Personally I don't believe structural equation models (SEM) at all. I have been fighting against this modeling technique for quite a long time, but it seems that SEM is becoming more and more popular outside the discipline of statistics. It's indeed strange. Yesterday I received an email asking me about the SEM, and I listed some reasons for my objection to such a kind of modeling in my reply as follows:
The most obvious disadvantage, I believe, just lies in the critical modeling technique it adopted at the beginning: constructing models to fit the sample COVARIANCE instead of the sample values themselves. I insist that such an idea has almost destroyed our valuable data. You know, the covariance is just one of the TOO MANY characteristics of the data, therefore if we only focus on this simple information (covariance), other information will be dropped (e.g. mean, kurtosis, skewness, ...). And a very natural question is, what does the covariance stand for? Can it represent all of the original information? The answer is certainly NO!
The second disadvantage in my eyes is the complexity of this model. In statistics, rarely have I ever met models more complex than SEMs. Even the simplest SEMs will include tens of parameters, as there are several parameter matrices in a SEM. The direct consequence it brings is the computational complexity. You can easily calculate the minimum of f(x)=x2+1, but do you know how to calculate the minimum of
f(a, b, c, d, e, f, g, ...) = a * b^4 / (2 * c + d^14 * a) - f / g * c^d + ...? Actually the target function for SEM to optimize is much more complex than this one! It involves with the multiplication, inverse and determinant of huge matrices... Just tell me, can you trust the software to correctly find the GLOBAL optimum for such a complex function? Personally I cannot, as I know there are too many "stories" behind this problem. It's very likely that your software only tells you a LOCAL optimum WITHOUT warnings.
The third reason comes from a philosophy: you may regard SEM simply as a process of hypothesis testing. I think you surely know the null hypothesis. In the end, you can ONLY REJECT your model but you can NEVER accept it (or say, ah, my model is correct!).
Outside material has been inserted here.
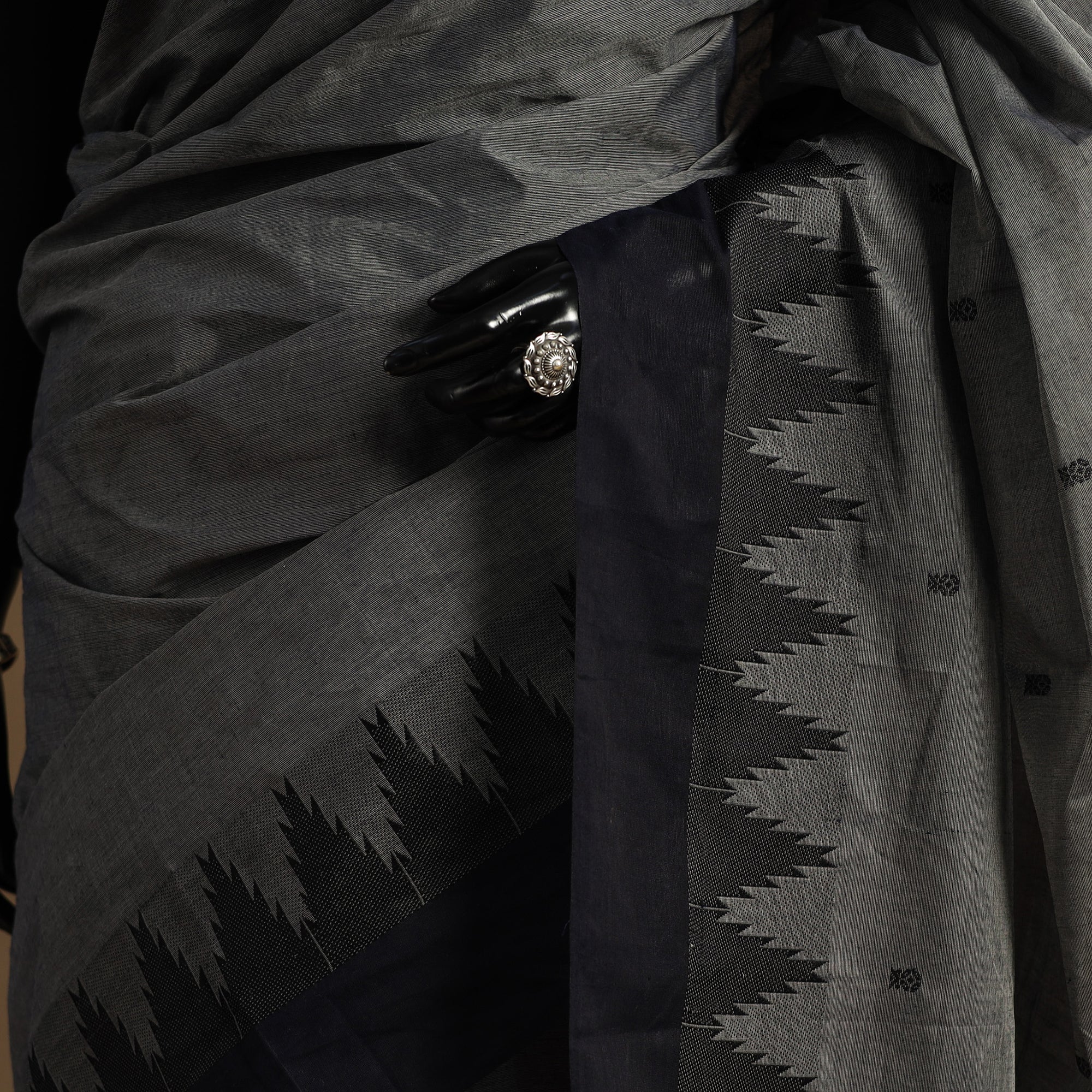 This grey chettinad cotton saree reflects the rich textile legacy of Tamil Nadu. Locally known as Kandangi, it showcases traditional weaving and a subtle border that adds elegance. Crafted from breathable cotton, it’s perfect for casual wear, office looks, or festive moments.

In other words, you can never find the truth, although there are many measures (Chi-square, GFI, ...) to tell you how "good" you models are. The basic philosophy of hypothesis testing in statistics is that null hypothesis can only be rejected (because in most cases you can only know the risk of rejecting; you cannot know the risk of accepting it). If we are unable to accept a SEM, why bother to construct it? (If you declare this SEM is correct, other people can naturally doubt whether there are other alternative models.)
I spent about only half a year on SEM, so my words might be incorrect. My advice is never believe anyone (including me) unless you really understand it, especially the mathematical and statistical theories! I really hate those textbooks avoiding maths, because to some degree, they are just cheating the readers by hiding the most important part of a technique.
There are still a couple of reasons but I don't have enough time to list all of them out here.
You may judge from my above words that I have been fighting against this model for quite a long time. Once a statistician said, "All models are wrong, but some models are useful", and I'd like to say that SEM is surely not among these "some models". I'd be very glad to hear from you about the "successful" applications of SEM if you have any cases in this aspect. I've inquired such cases of many people who wrote me emails asking about the SEM but I have not got any till today, which ensured me even more of my impression that SEM is a useless technique.